- **Work item**
Retype all data exactly as given. Pictures should not be retyped.

- **Data section**
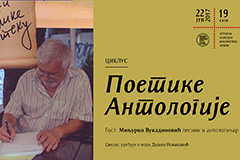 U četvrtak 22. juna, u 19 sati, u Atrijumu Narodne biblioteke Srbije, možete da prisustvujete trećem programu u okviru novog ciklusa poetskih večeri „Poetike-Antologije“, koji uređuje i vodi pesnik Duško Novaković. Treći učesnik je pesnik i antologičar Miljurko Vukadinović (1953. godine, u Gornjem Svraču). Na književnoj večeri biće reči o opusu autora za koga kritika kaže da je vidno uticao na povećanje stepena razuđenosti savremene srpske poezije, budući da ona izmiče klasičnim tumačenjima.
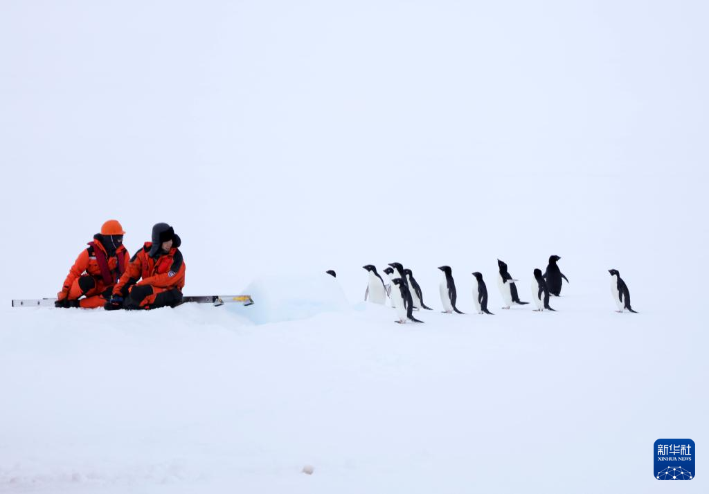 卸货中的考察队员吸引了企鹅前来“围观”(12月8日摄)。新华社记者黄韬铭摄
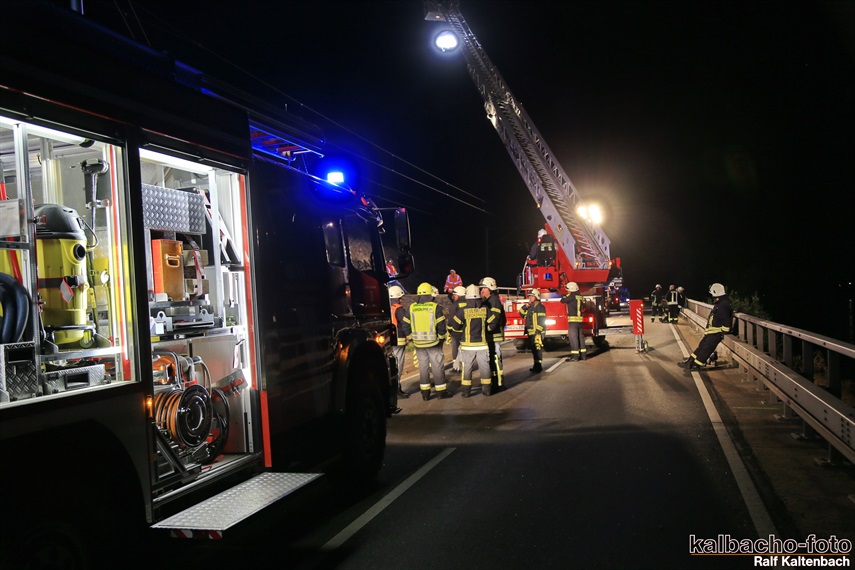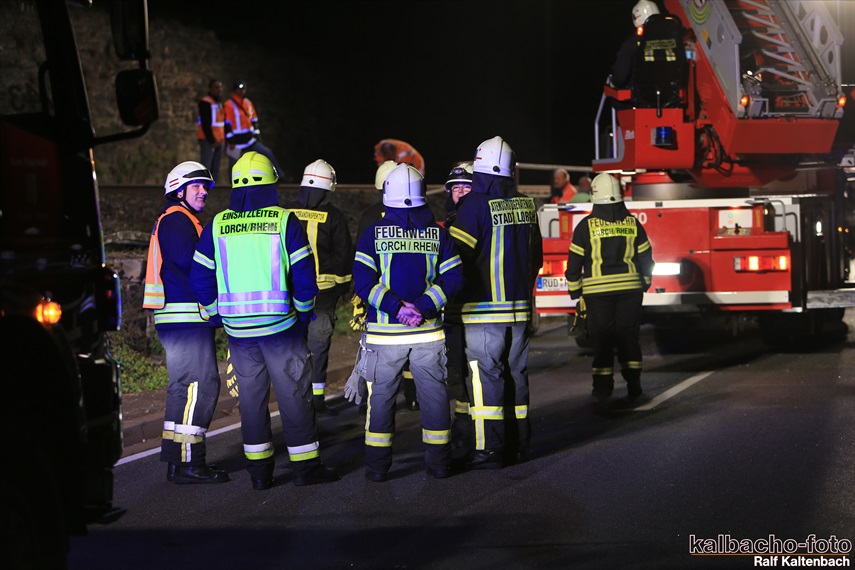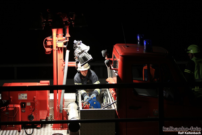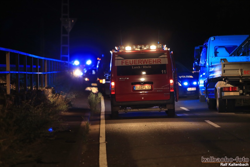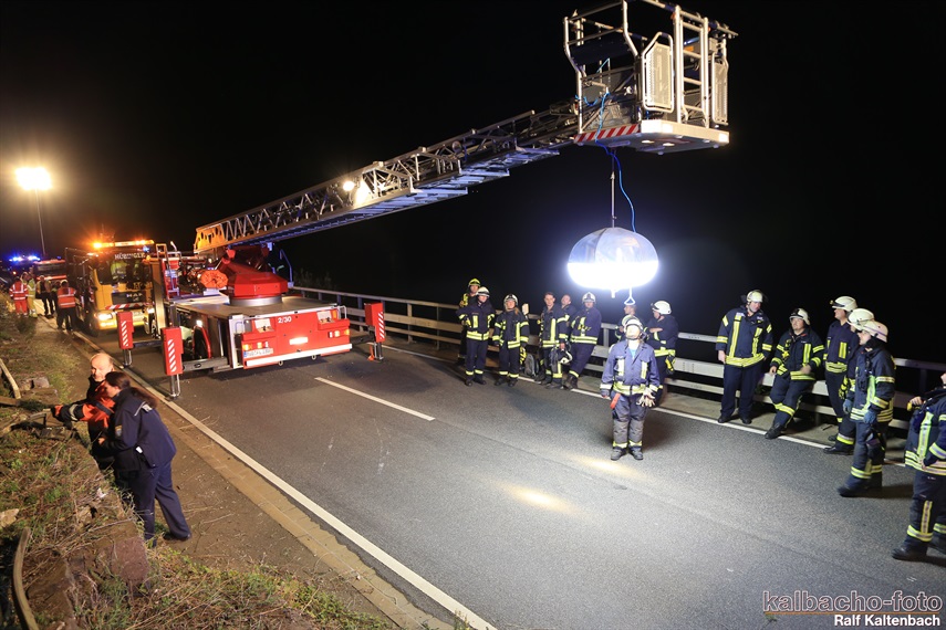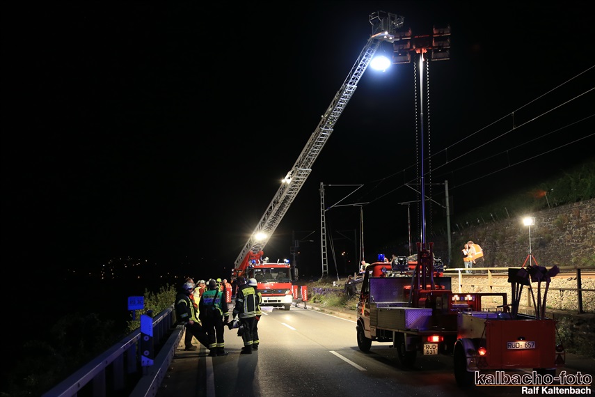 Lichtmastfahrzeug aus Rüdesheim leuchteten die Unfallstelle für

- **Your response**
 U četvrtak 22. juna, u 19 sati, u Atrijumu Narodne biblioteke Srbije, možete da prisustvujete trećem programu u okviru novog ciklusa poetskih večeri „Poetike-Antologije“, koji uređuje i vodi pesnik Duško Novaković. Treći učesnik je pesnik i antologičar Miljurko Vukadinović (1953. godine, u Gornjem Svraču). Na književnoj večeri biće reči o opusu autora za koga kritika kaže da je vidno uticao na povećanje stepena razuđenosti savremene srpske poezije, budući da ona izmiče klasičnim tumačenjima.
 卸货中的考察队员吸引了企鹅前来“围观”(12月8日摄)。新华社记者黄韬铭摄
 Lichtmastfahrzeug aus Rüdesheim leuchteten die Unfallstelle für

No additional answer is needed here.